Iran will increase uranium enrichment to ‘any amount we want’

  04 July 2019    Read: 1235
Iran will increase uranium enrichment to ‘any amount we want’

Iranian president Hassan Rouhani has warned that Tehran will increase its enrichment of uranium to “any amount we want,” starting this weekend, escalating tensions with the United States and posing a challenge to European co-signatories to the landmark 2015 nuclear deal.

"From 7 July, Iran's enrichment level will not be 3.67 per cent," as required to make reactor-grade nuclear fuel, "but we will take the next step," state media quoted Mr Rouhani as saying at a weekly cabinet meeting.

"We will stop being committed to the enrichment cap. We will enrich as much as we want and will increase it based on our needs."

An increasing stockpile and higher enrichment shrinks the estimated one-year window Iran would need to produce enough material for a nuclear bomb, something Tehran denies it wants but the nuclear deal sought to prevent. Iran requires at least 1,200kg of reactor-grade fuel to make fissile material for one nuclear bomb, but would have to further refine the uranium to 90 per cent purity. 

Iran on Monday increased its stockpile of reactor-grade uranium beyond the 300kg limits permitted under the 2015 nuclear deal, challenging Mr Trump's’ “maximum pressure” campaign, and forcing the European Union, the UK, France, and Germany to decide whether to defy US sanctions or allow for the collapse of the nuclear deal, called the Joint Comprehensive Plan of Action (JCPOA).  
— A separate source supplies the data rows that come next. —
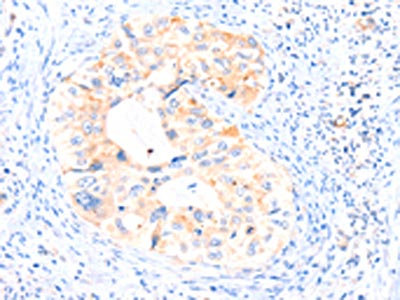 The image on the left is immunohistochemistry of paraffin-embedded Human liver cancer tissue using CSB-PA904906(AIMP2 Antibody) at dilution 1/25, on the right is treated with synthetic peptide. (Original magnification: ×200)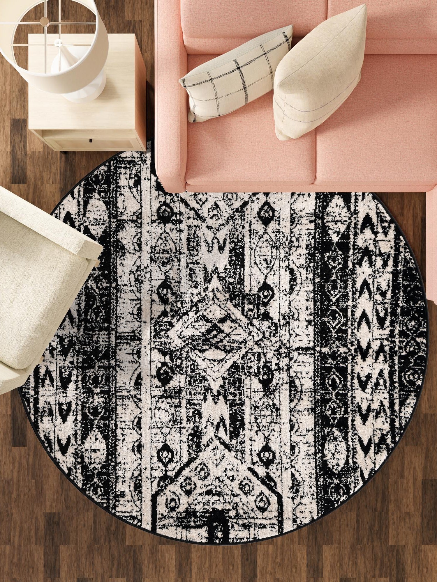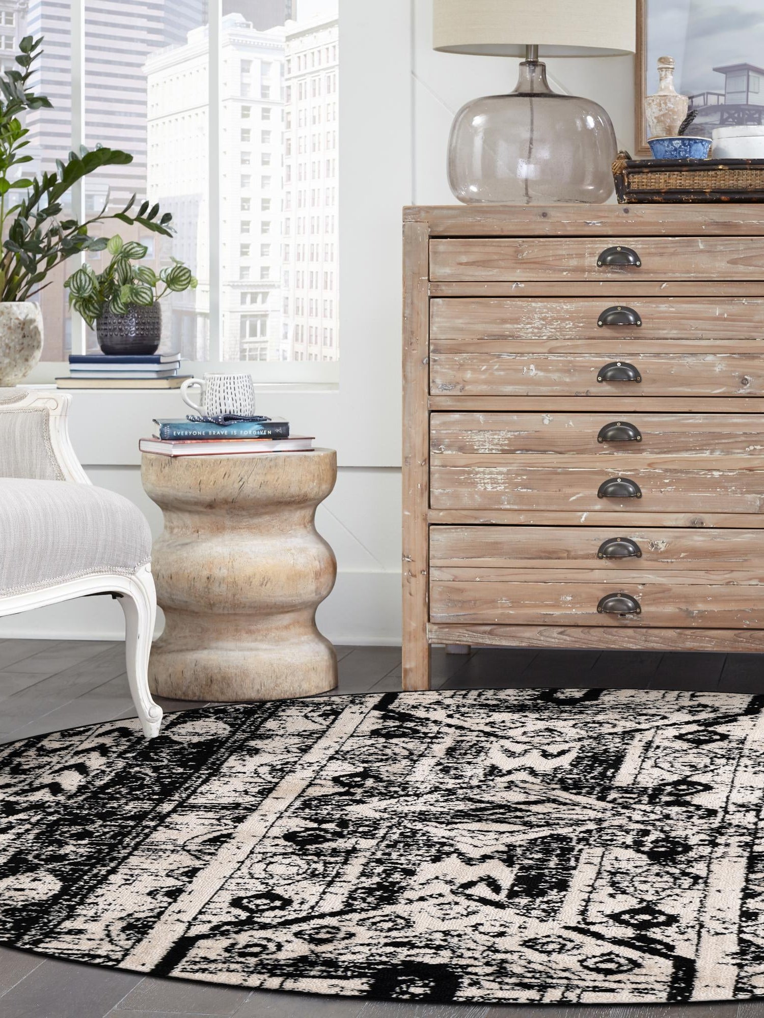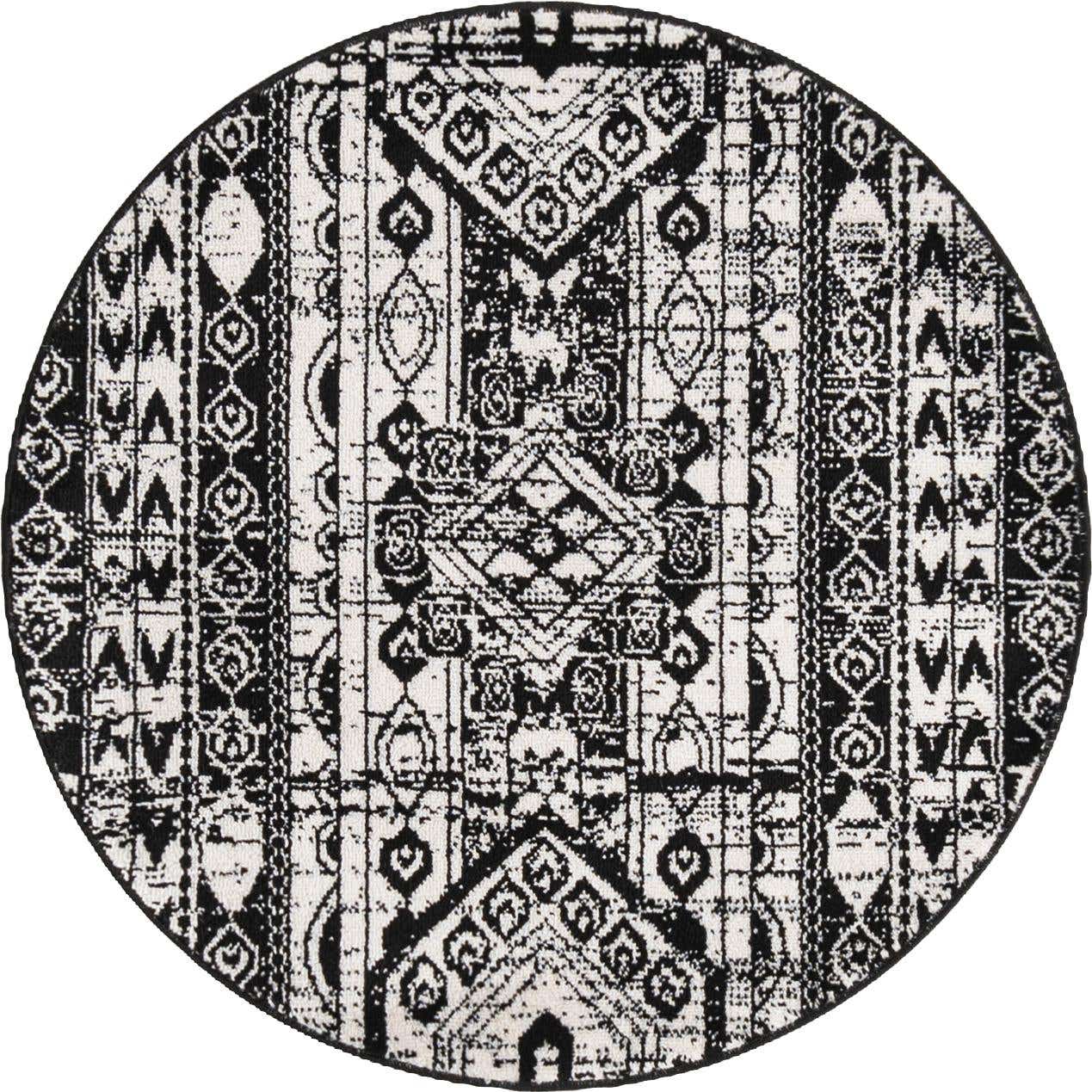 Black and White 3' 1 x 3' 1 Portland Round Area Rug 85% Polypropylene & 15% Polyester Vintage Distressed Traditional Carpet for Home Decor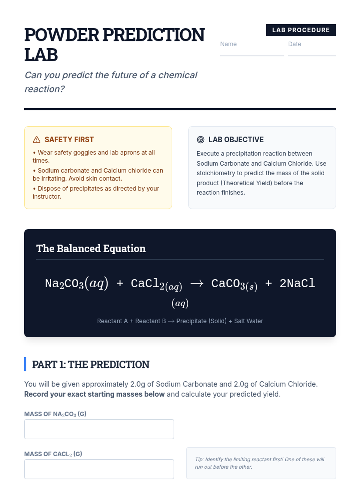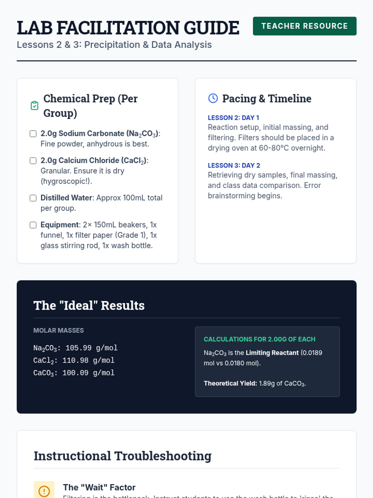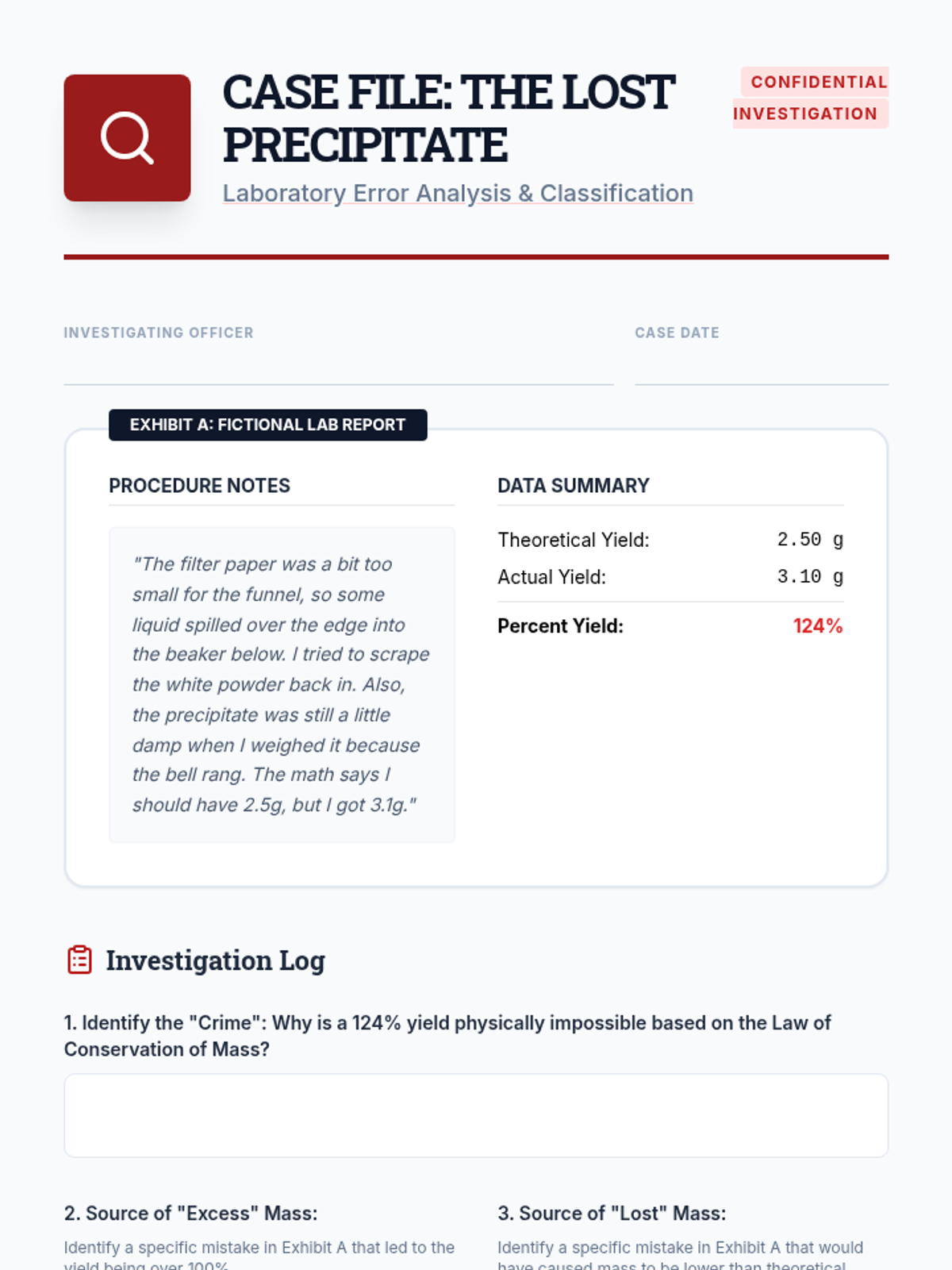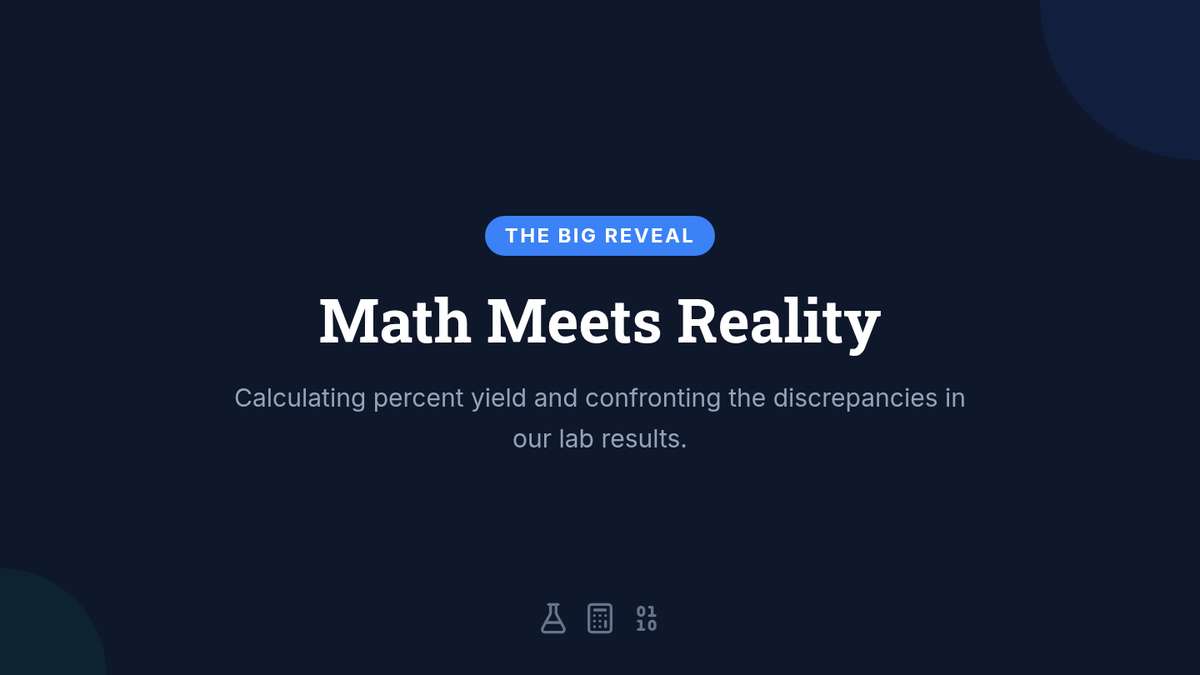 A 10th-grade chemistry unit investigating the discrepancies between theoretical calculations and experimental outcomes. Students explore yield types, conduct precipitation labs, and perform deep error analysis to understand why chemical reactions rarely produce 100% yield.

Under the terms of the JCPOA, Iran was to put strict limits on its nuclear programme in exchange for financial benefits. But the Trump administration withdrew from the deal more than a year ago, and stepped up restrictions on Iran and any company that does business with it.

European diplomats on Friday announced the launch of Instex a financial bartering mechanism that would allow Europeans to bypass US sanctions, but Iranians say it is not enough for them to keep up their end of the bargain.  

Mr Rouhani also warned that after 7 July, which marks the 60-day deadline Tehran had set for Europeans to comply with the deal, Iran will begin plans to "modernise" the dormant Arak heavy-water reactor, which can be used to produce weapons-grade plutonium. Under the terms of the JCPOA, European powers were supposed to help Iran retrofit the reactor for civilian purposes. But the plans have been stymied by US removal of waivers on sanctions for nuclear cooperation with Iran. 

Iranian authorities are livid with European signatories to the deal for mostly abiding by unilateral US extraterritorial sanctions on Iran and failing to bolster trade with the country. 

Mr Rouhani, in his speech on Wednesday, said lowering Iran's commitment to the deal was Tehran's attempt to salvage it by maintaining what he described as "balance."

"Lowering the level of Iran's commitments is not meant to damage the JCPOA, but to save it," he said.